A me è successo con compiz-fusion... non ho capito bene come ho risolto, ma dando compiz-start in console si ripristinava tutto!

Ciao!

----------

## jexen

@micio

nessuno dei due...

----------

## micio

Preso troppo dalla curiosità sono passato a gnome 2.18 e indovina un pò???? è zompato pure a me..   :Twisted Evil: 

Per intenderci è sparito il gtk-decorator (uso compiz 0.5.1)

La cosa curiosa è che se provo a far partire compiz-fusion tutto funziona normalmente con i suoi bordi di finestra e idem è se non faccio partire nulla e lascio le classiche metacity...

Stamattina ho messo a  ricompilare compiz così per sicurezza perché non avevo tempo per pensare che dovevo scappare in ufficio ma appena torno vedo se ci sono novità..   :Rolling Eyes: 

ciao ciao

----------

## micio

compila e ricompila e tutto è tornato ok... però a me era principalmente un problema con libX11 a causa di un flag.. xcb mi pare... ma non credo che faccia al caso tuo... speriamo che qualcun'altro sappia aiutarti...

Ciao ciao

Micio

----------

## jexen

@micio

qui tutto 'apposto' ormai, ma ho dovuto reinstallare.
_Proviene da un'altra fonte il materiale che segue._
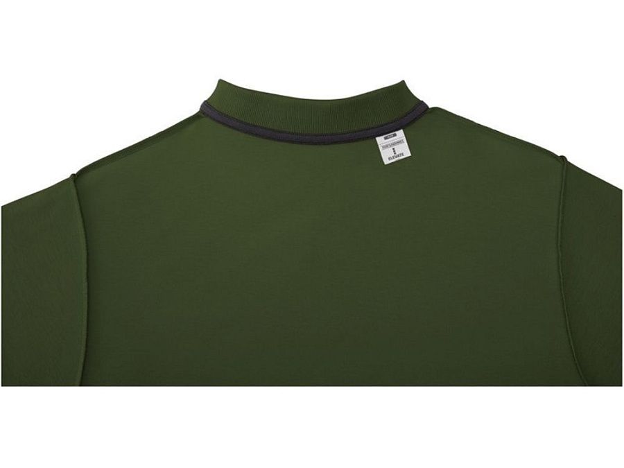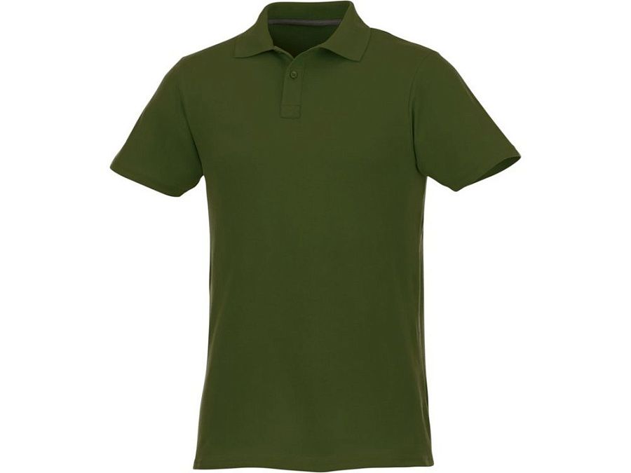 Мужское поло Helios с коротким рукавом. Отрезной-отрывной ярлык для комфорта. Воротник гладкой вязкой в рубчик. Планка с двумя пуговицами. Двойная строчка на воротнике и внизу изделия. Пуговицы в цвет изделия. Полоска на горловине в контрастном цвете. Трикотаж Piqué, 100 % хлопок. 180 г/м².

mi ricorda anni fa quando succedevano casini memorabili con un altro pseudo OS, finiva con '95' mi pare..   :Laughing: 

ciao

----------

## micio

eheheheh succede... io ora ho qualche problemino col mulo che manda il procio a palla a intervalli SEMBREREBBE regolari.... questo però mi fa pensare che non è l'aggiornamento a gnome 2.18 a dare il problema... forse ho roba in coda che manda in pappa il tutto.... aspetto di finire e cancello la cartella nella home e vedo come va (ho fatto la prova con root e con lui non va a palla il procio...)

Bella pe teeeeeeeeeeeeeeeeeeeeee

Micio

----------